Class representing a ternary search tree.
Method Summary
  __init__(self, type, db, wl)
Default constructor.
  add(self, key)
Adds a key (word) to an existing tree.
  compress(self, ratio)
Compresses a tree, optionally returning compression ratio.
  list(self)
Returns a sorted list representation of the tree.
  loadFile(self, db, wl)
Reads a wordlist or database file into a tree.
  loadList(self, list)
Reads a Python list into a tree.
  patternSearch(self, pattern)
Searches for a pattern in a tree.
  remove(self, key)
Removes a key (word) from a tree.
  save(self, db, wl, overwrite)
Writes a tree to disk as a wordlist and/or in a portable "database" format.
  search(self, key)
Searches for a complete string in a tree.
  traverse(self, func)
Traverses a tree and executes func(word)for each word.

Class Variable Summary
NoneType db
NoneType root
NoneType type
NoneType wl

Method Details

__init__(self, type=0, db=None, wl=None)
(Constructor)

Default constructor.

See the loadFile method for details on how the db and wl arguments are used.
Parameters:
type - type of tree to be created
           (type=one of [IN_MEMORY, ON_DISK])
db - database on disk to be used to create tree
           (type=valid filesytem path as a string)
wl - wordlist on disk to be used to create tree
           (type=valid filesystem path as a string)
Raises:
TreeError - under exception circumstances

add(self, key)

Adds a key (word) to an existing tree.

This function inserts into a tree by building a list of the words in the tree, inserting the new key into the list, and then re-building the tree based on the new list. Obviously, this is rather memory intensive and inefficient. The whole point of using a tree in the first place is to avoid having a list of words around. However, I haven't found any other good way to do this.

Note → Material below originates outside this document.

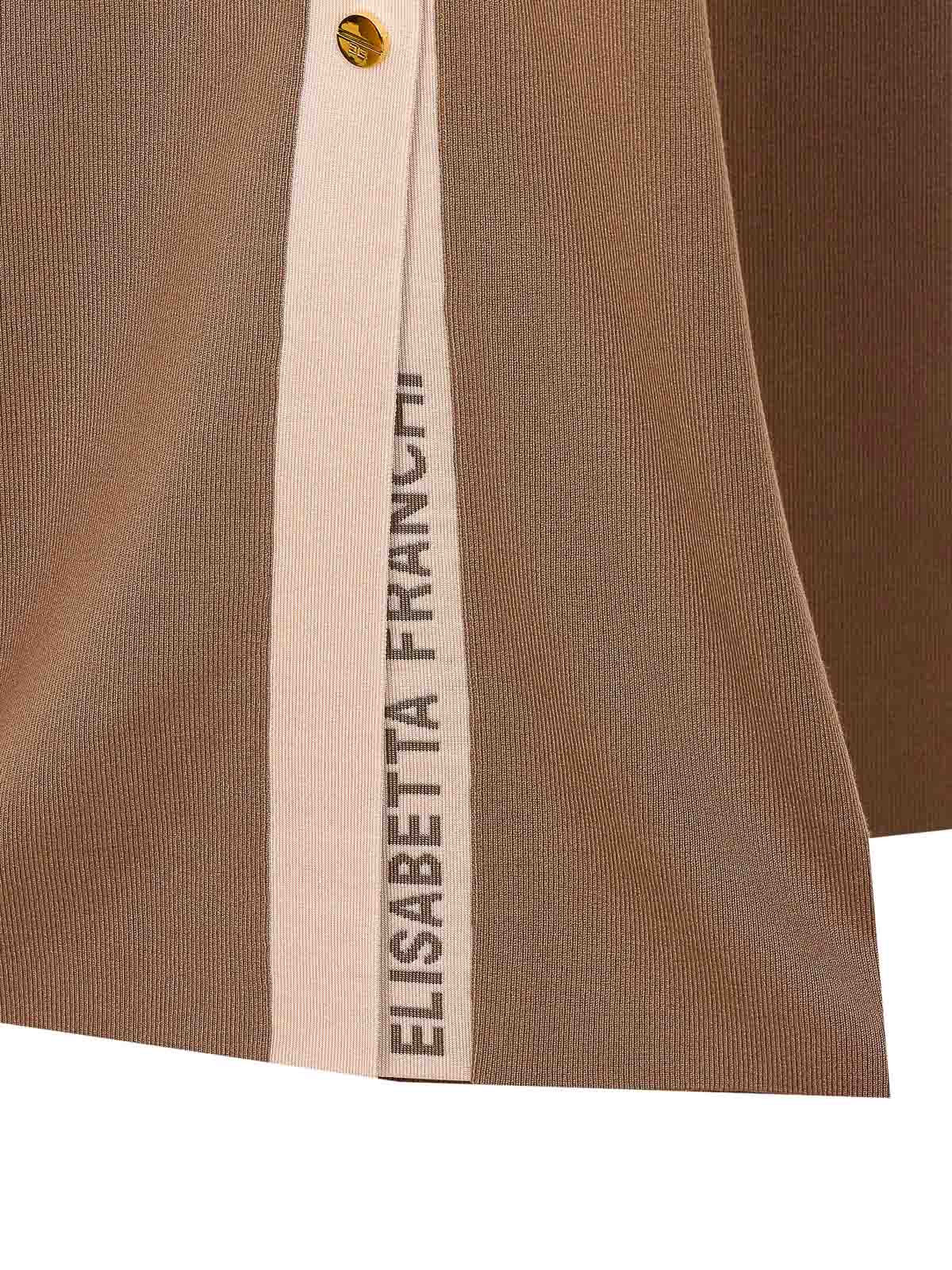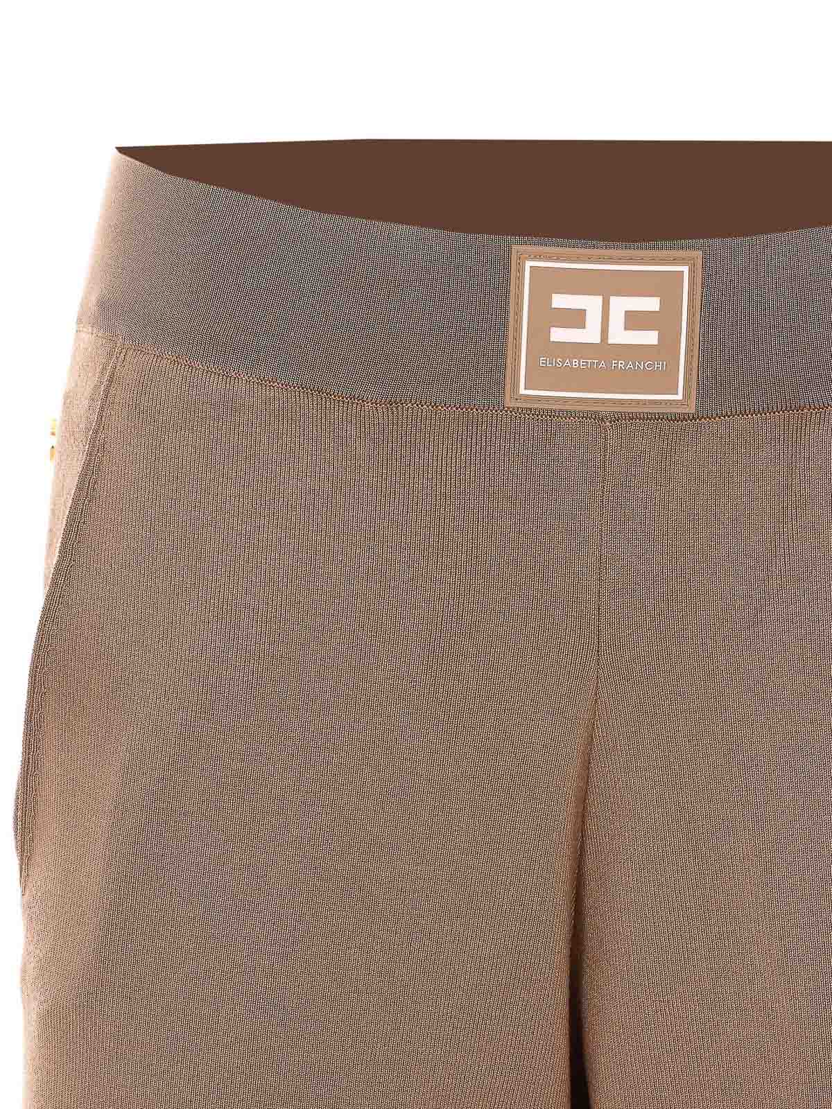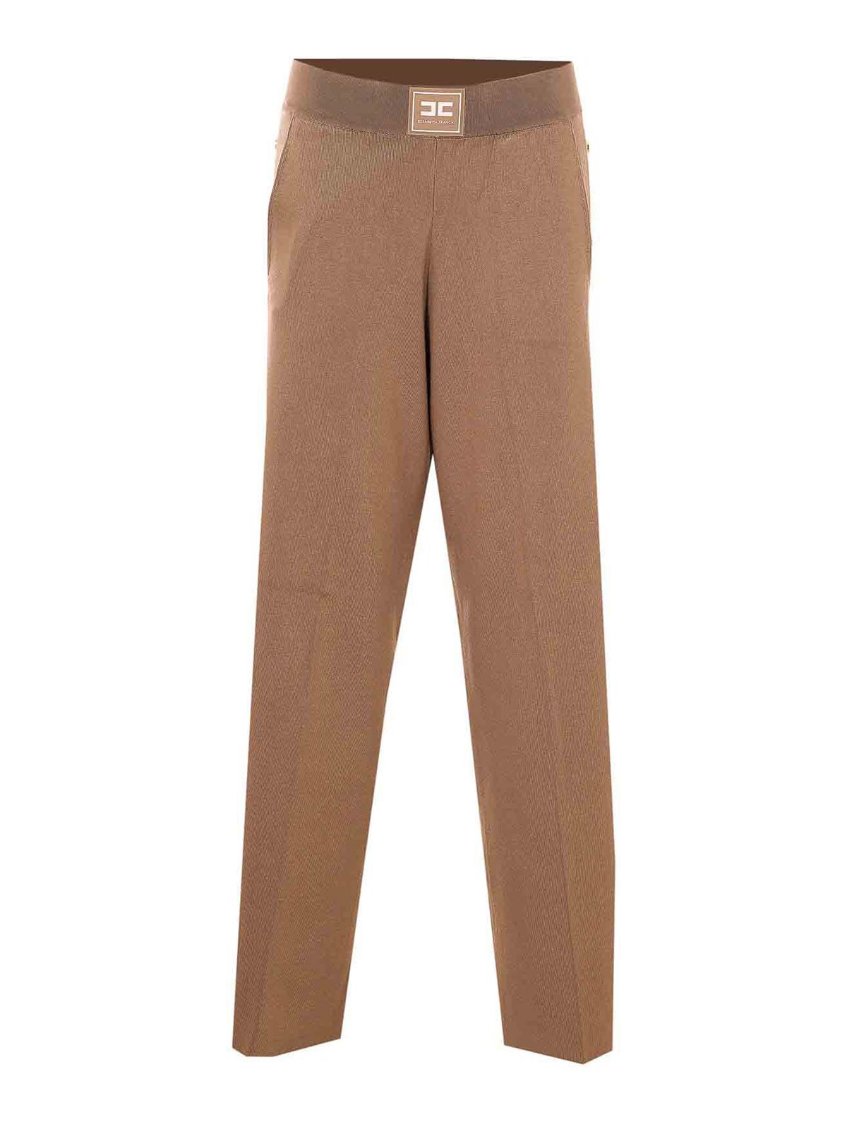 Elisabetta Franchi ベージュパンツ、ハイウエスト、前面にパッチロゴ、横にボタンディテール、横ポケット、伸縮性のあるフィット

You may not really need this functionality. Normally, a tree would be filled using the loadFile method. This add method would only be used to add a new word to an existing tree. If you only need to add a few words to an existing tree, consider whether you might be better off keeping around a small Python list or dictionary to hold the extra word, instead of adding to the tree.
Raises:
DawgError - under exception circumstances

compress(self, ratio=0)

Compresses a tree, optionally returning compression ratio.

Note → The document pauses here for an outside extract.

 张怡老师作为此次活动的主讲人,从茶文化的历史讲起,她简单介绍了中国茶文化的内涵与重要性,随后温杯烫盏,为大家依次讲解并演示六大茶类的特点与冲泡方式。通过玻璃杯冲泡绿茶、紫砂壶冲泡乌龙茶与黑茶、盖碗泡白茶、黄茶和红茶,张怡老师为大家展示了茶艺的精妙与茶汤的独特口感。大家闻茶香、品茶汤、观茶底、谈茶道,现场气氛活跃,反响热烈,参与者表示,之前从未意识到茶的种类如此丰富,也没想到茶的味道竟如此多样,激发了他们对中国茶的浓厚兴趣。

This method may only be used on IN_MEMORY trees.

This method has not yet been implemented, and exists only as a stub. The method and its regression tests are in place to support future functionality, if I can every come up with a way to make compression work.
Returns:
  • compression relative to original, as a percentage, if ratio is True
  • None if ratio is False
Raises:
TreeError - under exception circumstances

list(self)

Returns a sorted list representation of the tree.
Returns:
sorted list of words in the tree
Raises:
DawgError - under exception circumstances

loadFile(self, db=None, wl=None)

Reads a wordlist or database file into a tree.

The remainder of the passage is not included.